(Stored items)
....................

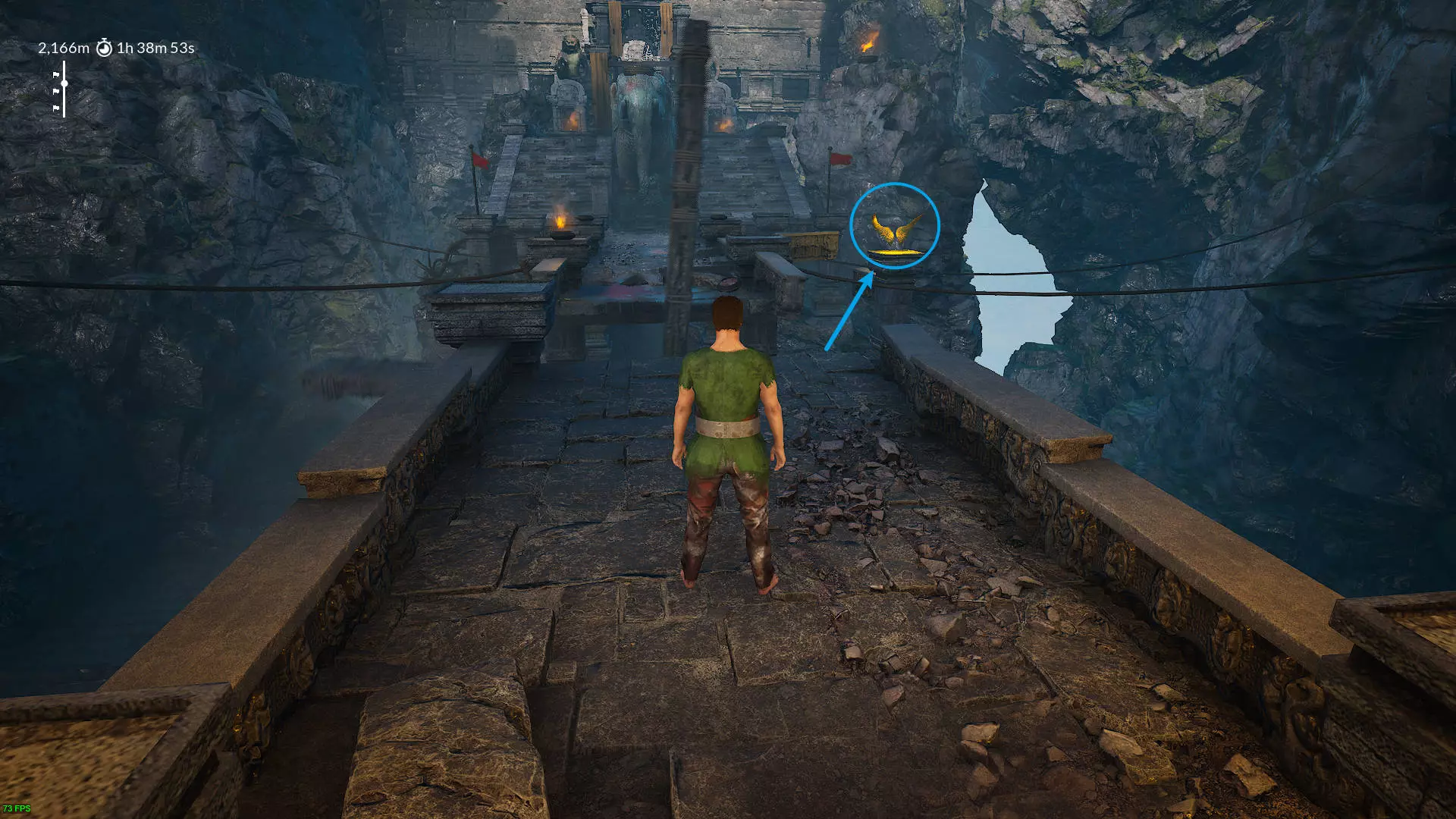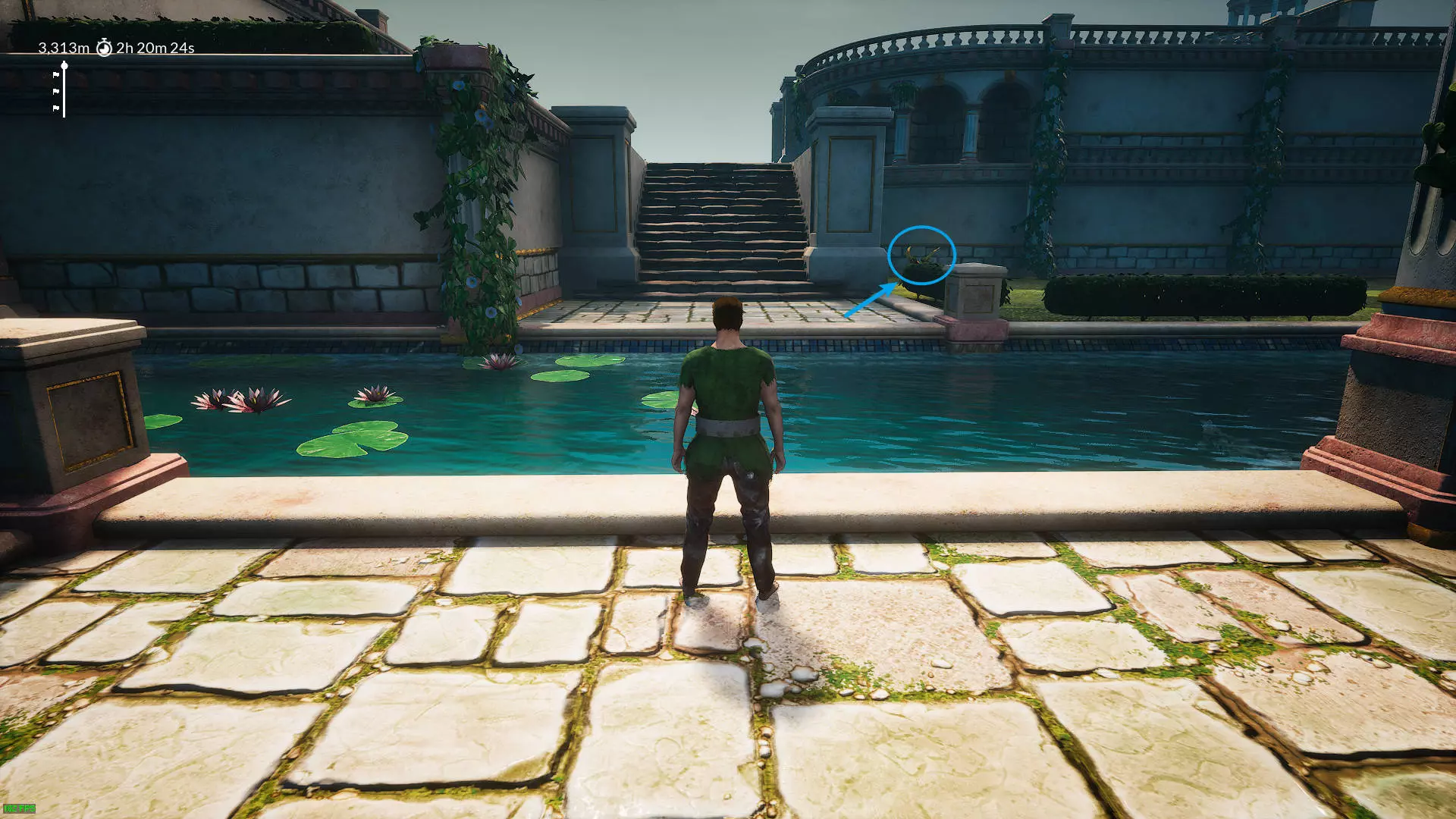 10.3313米 从石柱跳过来之后,过一条河,在必经的楼梯右边。
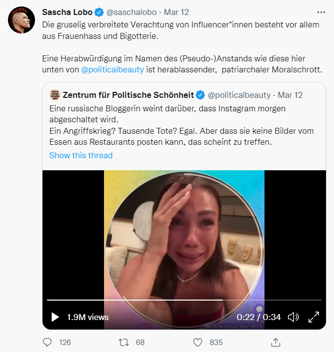 Das Zentrum für politische Schönheit ätzte hier nun gegen die gezeigte Person im Tonus a la “hier sterben Menschen im Krieg und da weint jemand weil er keine Essensbilder mehr posten kann”.
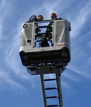 Übung auf der Feuerwehrdrehleiter
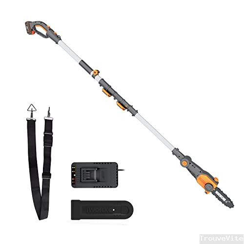 WORX - Elagueuse / tronçonneuse sur tige télescopique 20V - 2Ah - WG349E -⌀ 20 cm (Hauteur de coupe 4m, livrée avec batterie et chargeur, harnais, gaine de lame)
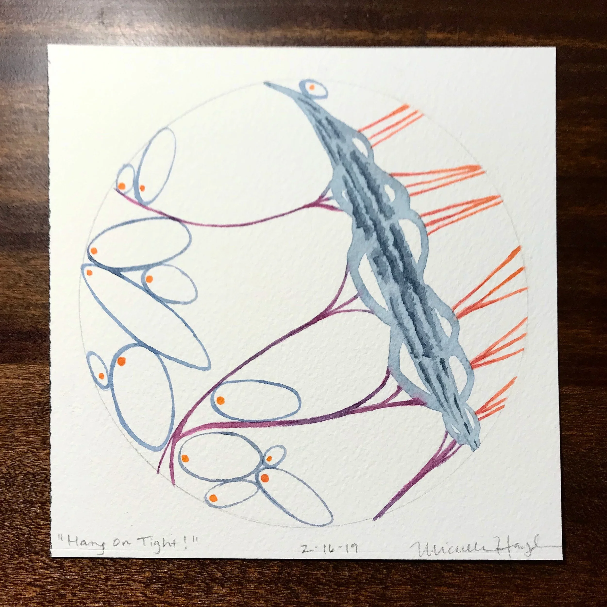 “Except to paint with minimal line and shading, these forms landed on precarious parts of the page without expectation. Suspended in mid-air, they appear to be on a journey. Not sure where we are going at times, we hang on tight, trusting the process as it unfolds... (although looking at the painting again, they actually look quite relaxed and gently held as they are carried forward— points to ponder!). “
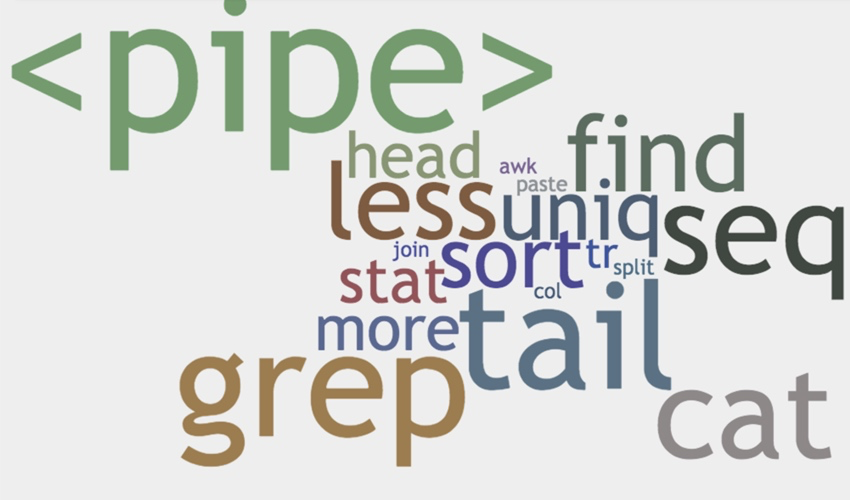 4 sort 4 uniq 7 tail 5 less 3 more 3 stat 3 head 5 find 7 grep 6 cat 6 seq 2 tr 1 col 1 paste 1 join 1 split 1 awk 9
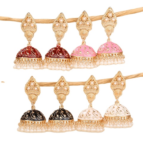 Jhumka-pendientes colgantes de estilo indio para mujer, joyería tradicional, aretes grandes Jhumka
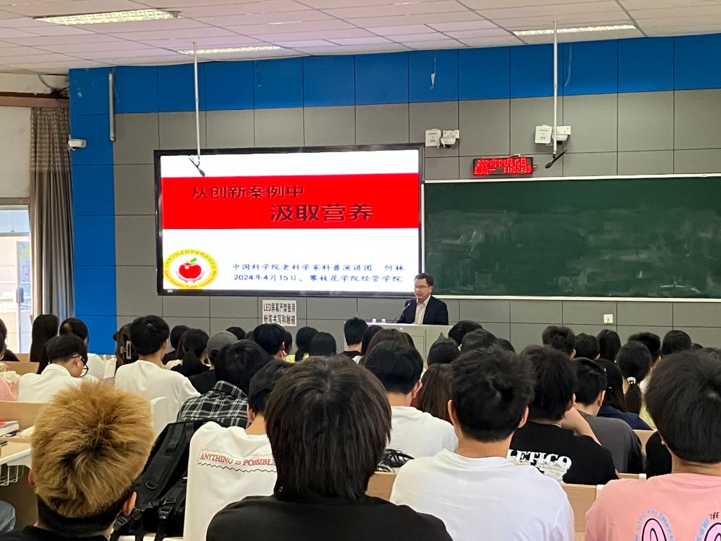 中国科学院文献情报中心三级职员,何林教授以中国科学院十余位科学家的创新案例为基本素材,阐述了科学技术对中国式现代化发展的重要性,让同学们明白了科学研究不仅需要自主创新的能力和魄力更需要勤奋刻苦、坚韧不拔的品质和毅力,鼓励我校学子在学习和生活中攻坚克难,勇往直前。
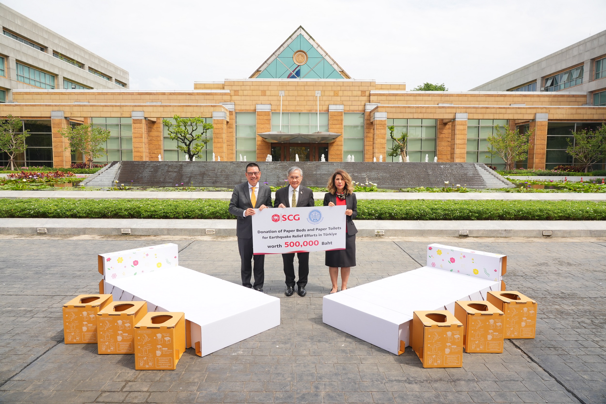 นายดอน ปรมัตถ์วินัย รองนายกรัฐมนตรีและรัฐมนตรีว่าการกระทรวงการต่างประเทศ และนายรุ่งโรจน์ รังสิโยภาส กรรมการผู้จัดการใหญ่ เอสซีจี ร่วมส่งมอบนวัตกรรมเตียงสนามกระดาษและสุขากระดาษเอสซีจีพี ช่วยเหลือผู้ประสบภัยจากเหตุแผ่นดินไหวในตุรกี โดยมีนางแซรัป แอร์ซอย เอกอัครราชทูตสาธารณรัฐตุรกีประจำประเทศไทย เป็นผู้รับมอบ เพื่อนำไปช่วยเหลือผู้ประสบภัยจากเหตุแผ่นดินไหวรุนแรง ณ จังหวัดคาห์รามันมาราช และจังหวัดใกล้เคียง
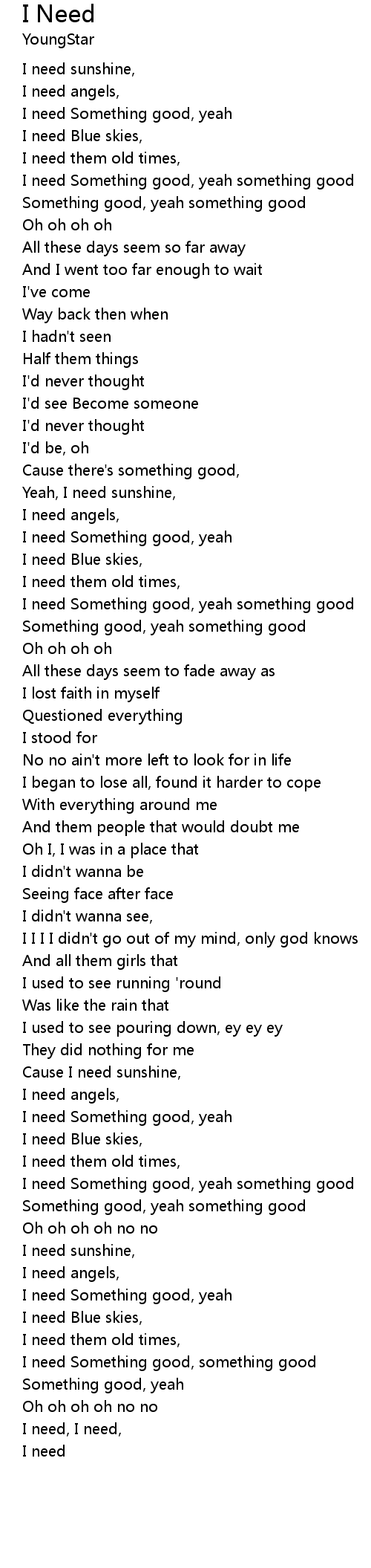 I need, I need,

....................

■ WHAT IS BEING ASKED
From the first line to the last, print the records exactly; leave out the pictures.

■ REPLY
 10.3313米 从石柱跳过来之后,过一条河,在必经的楼梯右边。
 Das Zentrum für politische Schönheit ätzte hier nun gegen die gezeigte Person im Tonus a la “hier sterben Menschen im Krieg und da weint jemand weil er keine Essensbilder mehr posten kann”.
 Übung auf der Feuerwehrdrehleiter
 WORX - Elagueuse / tronçonneuse sur tige télescopique 20V - 2Ah - WG349E -⌀ 20 cm (Hauteur de coupe 4m, livrée avec batterie et chargeur, harnais, gaine de lame)
 “Except to paint with minimal line and shading, these forms landed on precarious parts of the page without expectation. Suspended in mid-air, they appear to be on a journey. Not sure where we are going at times, we hang on tight, trusting the process as it unfolds... (although looking at the painting again, they actually look quite relaxed and gently held as they are carried forward— points to ponder!). “
 4 sort 4 uniq 7 tail 5 less 3 more 3 stat 3 head 5 find 7 grep 6 cat 6 seq 2 tr 1 col 1 paste 1 join 1 split 1 awk 9
 Jhumka-pendientes colgantes de estilo indio para mujer, joyería tradicional, aretes grandes Jhumka
 中国科学院文献情报中心三级职员,何林教授以中国科学院十余位科学家的创新案例为基本素材,阐述了科学技术对中国式现代化发展的重要性,让同学们明白了科学研究不仅需要自主创新的能力和魄力更需要勤奋刻苦、坚韧不拔的品质和毅力,鼓励我校学子在学习和生活中攻坚克难,勇往直前。
 นายดอน ปรมัตถ์วินัย รองนายกรัฐมนตรีและรัฐมนตรีว่าการกระทรวงการต่างประเทศ และนายรุ่งโรจน์ รังสิโยภาส กรรมการผู้จัดการใหญ่ เอสซีจี ร่วมส่งมอบนวัตกรรมเตียงสนามกระดาษและสุขากระดาษเอสซีจีพี ช่วยเหลือผู้ประสบภัยจากเหตุแผ่นดินไหวในตุรกี โดยมีนางแซรัป แอร์ซอย เอกอัครราชทูตสาธารณรัฐตุรกีประจำประเทศไทย เป็นผู้รับมอบ เพื่อนำไปช่วยเหลือผู้ประสบภัยจากเหตุแผ่นดินไหวรุนแรง ณ จังหวัดคาห์รามันมาราช และจังหวัดใกล้เคียง
 I need, I need,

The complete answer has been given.